Геодезёр и гипнотизёр

Виталий Сирин
      Как-то раз был со мной такой случай. Довелось однажды работать на сибирском элеваторе, вернее, на железнодорожных путях, проложенных от станции к этому предприятию. Стоял погожий сентябрьский денёк, солнечный и радостный, как улыбка судьбы, да ещё и выходной. Работа спорилась, принося даже некоторое удовольствие от самого процесса. С каждой минутой я наслаждался возможностью подвигаться в золотом и уютном пространстве, с упоением вдыхая чистый и прозрачный воздух. К сожалению, к обеду всё было закончено, и пора было собираться в обратную дорогу, и я направился к охраннику на пост, мечтая о ждущих меня бутербродах и горячем чае. Но, как выяснилось, там меня уже ждали и караулили.

      Испитой мужичок лет пятидесяти, со следами несладкой жизни на загорелом лице, улыбчивый и, по-видимому, добродушный, просто и неказисто одетый, как-бы между прочим зашёл по делу на проходную. Впрочем, как оказалось, это был такой хитрый манёвр. Пакуя инструменты, я невзначай, краем глаза, наблюдал за ним. Поймав мой взгляд, он подошёл и смело заговорил, лукаво и с теплотой поглядывая, как со старым знакомым, сначала о моей работе. Узнав, что я тружусь геодезистом на железной дороге, принялся рассказывать о своём покойном отце, который отработал почти сорок лет на этой станции в локомотивном депо. И вдруг попросил, преданно и по-собачьи заглядывая в мои глаза, десять рублей. Увлёкшись беседой, я не задумываясь подарил ему эту монету, благо у меня их было несколько штук. Так он расположил меня к себе.

     Теперь, с ещё большим воодушевлением, он начал поведывать мне о своём счастливом детстве, красочно и натурально всё описывая. Оказалось, что он старожил этого места, родился и живёт только здесь в М... Жил  с отцом и матерью и ещё с одним братом и сестрой в обычной сибирской избе, и он показал мне в какой. (В избе чёрной, ветхой и почти по окна ушедшей в землю). Отец его был трудяга, любил детей и выпить. Мать работала на почте и занималась детьми и хозяйством.
 
     Каждый месяц родитель на полученные трудовые, как водится, в меру выпивал, но и не забывал прикупить хороших шоколадных конфет("Белочек", "Мишек", "Алёнок"), доверху забив ими свои широкие и глубокие слесарские карманы, и я с сожалением посмотрел на редкие жёлтые зубы собеседника. Дети, понятное дело, уже знали об этом, и в нужный день и час с нетерпением ждали его у двери, если это было зимой. Не успевал батяня переступить порог, как они окружали его, выхватывая наперегонки сласти, звонко смеясь и прыгая от счастья, чем доставляли большое удовольствие отцу, да и матери тоже. В тёплое же время года, как правило, этот детский праздник проходил прямо на улице, где к веселью присоединялись соседские детишки, шумной ватагой окружая доброго мужичка.

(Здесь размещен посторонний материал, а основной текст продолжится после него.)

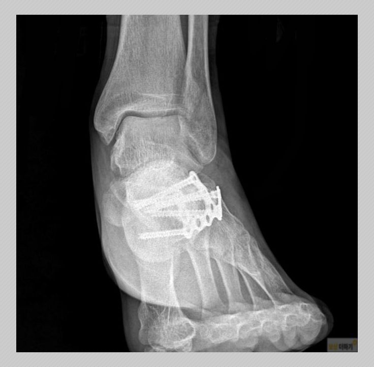 간단히 말씀드리면 왼쪽 발뒤꿈치 부상인데요. 골절 정도가 경미하지 않았습니다. 관절면 내 관절 부분까지 침범을 하였고 분쇄 부러진 뼈가 3조각 이상이었습니다. 이러한 형태의 골절은 수술 후에도 외상성 관절염, 관절 강직 등 후유증이 남을 확률이 높습니다. 따라서 치료와 회복에 있어서 상당한 주의가 필요한 것입니다. 아래 사진은 의사의 권고에 따라 수술 시행 받으신 모습입니다.

      И мой собеседник, как-бы между прочим, попросил у меня ещё десять целковых. Краем рассудка понимая, что он попросту околдовывает меня своими сладкими речами и разводит на водку, в то же время, другим краем, мне было увлекательно и интересно слушать его, пускай даже и так.

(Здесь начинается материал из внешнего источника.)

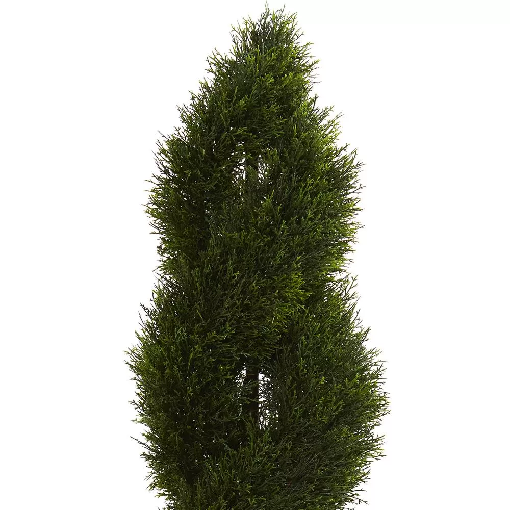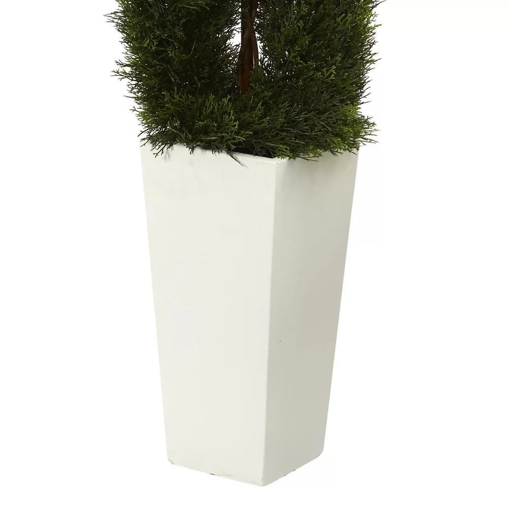 2-spirals of lush, plush green foliage encircle each other, rising up around a lifelike stem. This artificial double cypress spiral topiary is expertly made to look authentic in its white tower planter. It makes for eye-catching wintertime decor at your entryway. Pick up a pair to flank your door. UV resistant so perfect for indoor or outdoor use.

      Дальше он поведал мне случай о том, как его папаша как-то раз долго и тяжело вкалывал всю неделю в депо, как Павка Корчагин, ворочая стальные колёса и оси и мечтал, опять же, как говорится, выпить и выспаться на выходных в собственном доме. Об этом, между прочим, был даже предварительный уговор с женой. Но, придя в субботу с работы, - а дело было лютой зимой - он обнаружил генеральную уборку и стирку, пар и жар, стук и грохот, а, главное, - все комнаты завешанные мокрым бельём. Уже совсем плохой, смертельно уставший, выпивший и злой, он вне себя от гнева отворил окна настежь, в сорокаградусный мороз, и повыкидывал всё мокрое и ненужное, на его взгляд, из избы на снег и завалился спать на диван. И я понял, что в этот день у его бати, наверное, не было шоколадных конфет в карманах. После, как рассказал мой собеседник, они с братом, сестрой и матерью, долго и с трудом запихивали в избу, вмиг закостеневшие листы простынь и рубах, наверное, радуясь, что не вылетели следом за бельём на снег.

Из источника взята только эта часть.